This week in Concord History

April 15, 1861: Three days after the Confederate attack on Fort Sumter, the first call for troops reaches Concord by telegraph from Washington, D.C., at 8 a.m. Friends rush across to the Phenix Hotel to awaken Edward E. Sturtevant, a popular police officer and former printer. Sturtevant rushes to the State House and, fulfilling his fondest wish, becomes New Hampshire’s first Civil War volunteer.

 

April 15, 1928: Augusta Pillsbury of Manchester makes history, becoming the first legislator in the nation to have a baby while in office.

 

April 15, 1992: Franklin Mayor Brenda Elias announces plans to run for the U.S. Senate. “So many of the problems of the state of New Hampshire originate at the federal level,” she says. Elias plans to bring her brand of fiscal austerity to D.C. She will lose in the Democratic primary to John Rauh.

 

April 15, 1725: Captain John Lovewell, who three months earlier collected 1,000 pounds for the scalps of 10 Indians he caught sleeping at Province Lake, leads an excursion of 46 men on a hunt for more. They will meet and fight a band of Pequawkets under Chief Paugus.
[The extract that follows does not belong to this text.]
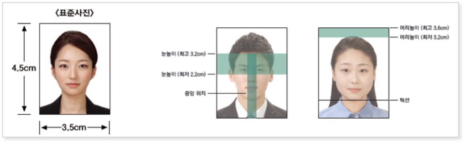 얼굴 방향은 정면을 응시해야 하며, 한쪽으로 기울면 안 됩니다. 상반신은 어깨선까지 나와야 하며, 어깨선은 수평이 되어야 합니다. 자연스러운 표정으로 입은 다문 상태이어야 합니다.

The Indians will kill Lovewell, and only 11 members of his party will make it back to their base in Nashua.

 

April 15, 1987: Pete du Pont, the governor of Delaware, brings his presidential campaign to Keene. With no local organization, he spends the day by himself looking for voters to chat with. “Missing, however, was any attempt to make real connection with someone who might carry on his campaign locally in his absence. . . . Du Pont was observing some of New Hampshire’s primary rituals but without comprehending their purpose,” writes Dayton Duncan in a campaign history.

 

April 15, 1865: At 2 a.m., the telegraph at the Eagle Hotel brings news that President Lincoln has been shot. At 7:22 a.m., Lincoln dies in Washington. Word spreads quickly in Concord, and crowds gather in the streets. At 9 p.m. many drift to former president Franklin Pierce’s mansard-roofed home on Main Street near Thorndike Street. A lantern illuminating his face, Pierce expresses his “profound sorrow and regret,” telling the crowd: “My best wishes to you all and for what we ought to hold most dear – our country – our whole country.”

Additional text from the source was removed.